Simonetta Crisci li conosce bene. Da quattro decenni il suo lavoro di avvocata si lega a cause in giro per il mondo: «Khaled è stato arrestato senza che gli fosse comunicato che c’era un’indagine su di lui – racconta al manifestoNon sappiamo se questa detenzione si tradurrà in detenzione amministrativa come per altri 1.200 palestinesi. La scoprii nel 1989, la prima volta che andai in Palestina. C’era la prima Intifada, andammo a sostenere lo sciopero degli avvocati palestinesi. La detenzione amministrativa in Italia non è mai esistita, ora vogliono introdurla contro migranti e richiedenti asilo».

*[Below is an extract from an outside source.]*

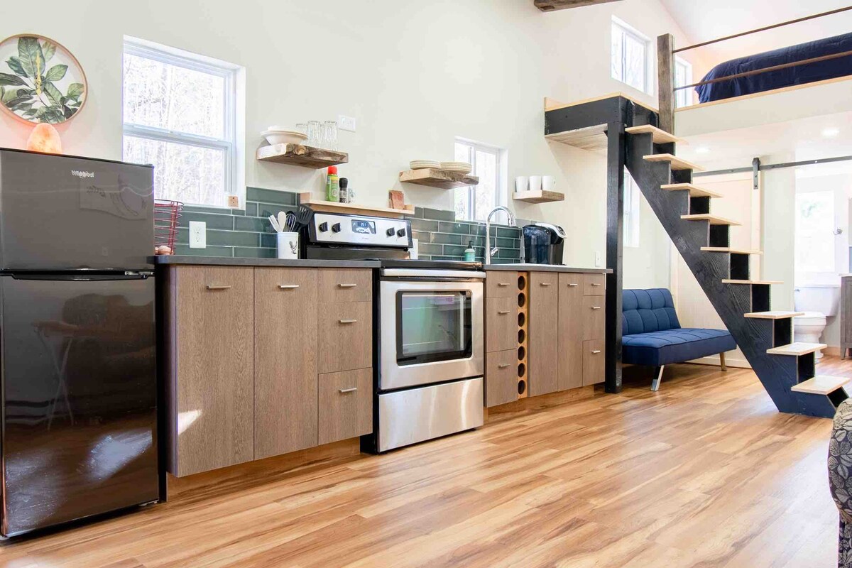 Dikelilingi alam, makhluk hutan, tupai & rusa sesekali. Pemandangan tenang dari jendela ekstra besar di rumah kecil terinspirasi Skandinavia ini. Sebagian offgrid dengan toilet kompos Natures Head, fasilitas untuk dua tamu tidur, menyiapkan makanan sederhana & bersantai. Pancuran curah hujan panas, mesin cuci piring, & WiFi cepat. Menit dari layanan darurat & bandara CLT. Mudah 10 menit berkendara ke kota untuk makanan & minuman. Terletak di tempat tinggal pribadi kami dengan jalan masuk bersama & pemantauan keamanan di area parkir.
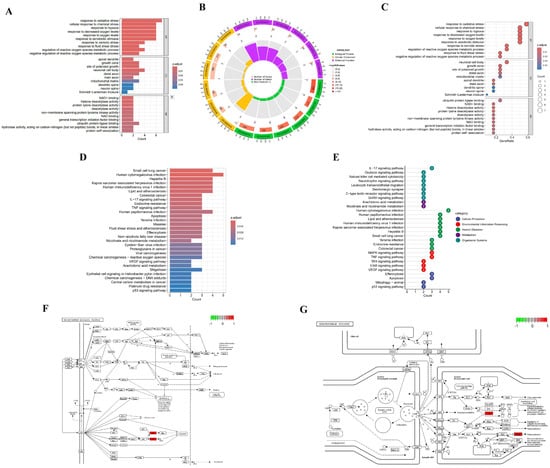 Functional enrichment analysis of GO and KEGG pathways. (A) GO histogram displaying the top 10 significantly enriched terms across BP, CC, and MF. Bar length corresponds to gene count; color intensity indicates statistical significance (red: Padjust < 0.01; blue: Padjust < 0.04). (B) Circular enrichment plot: outer ring labels enriched terms; inner ring quantifies gene numbers per term. (C) Bubble chart mapping pathway associations: bubble size represents gene quantity; color saturation denotes enrichment significance (red: Padjust < 0.01; blue: Padjust < 0.04). (D) KEGG enrichment histogram of the top 30 pathways. Bar length reflects gene enrichment frequency; color gradient encodes significance level (red: Padjust < 0.04; blue: Padjust < 0.012). (E) Lollipop plot visualizing pathway enrichment: vertical axis lists KEGG terms; horizontal position indicates enriched gene count. (F,G) Core target interactions within (F) neurotrophin and (G) serotonergic synapse signaling pathways. Red rectangles denote upregulated genes.

BATTAGLIE che finiscono per intrecciarsi, insomma. «La storia di Khaled ci deve chiamare tutti alla responsabilità di creare un movimento di opinione e di critica forte che possa incidere per una volta sulla storia di un prigioniero politico palestinese – dice Jacopo Smeriglio di Gaza FreeStyle – La sua detenzione è un monito evidente ai palestinesi in diaspora, a chi di seconda generazione e terza generazione stava ricominciando a tornare in Palestina, a conoscere le proprie radici».

«Per questo – aggiunge Jacopo – abbiamo un dovere nei confronti di tutte le compagne e compagni con cui condividiamo percorsi di strada qui in Italia e che devono poter tornare alle proprie case senza la paura di finire nei gangli del sistema detentivo israeliano. Come italiani che con il proprio privilegio vivono la Palestina e fanno progetti in Palestina è nostra totale responsabilità tutelare questi ragazzi».

La diaspora palestinese che si sente nel mirino. Ahmed gli dà voce: «L’obiettivo di Israele è mettere sotto pressione chiunque sia attivo, politicamente, culturalmente». Eviterai di tornare in Palestina, allora? «Ovviamente no. Non fermeranno il ritorno nelle nostre case».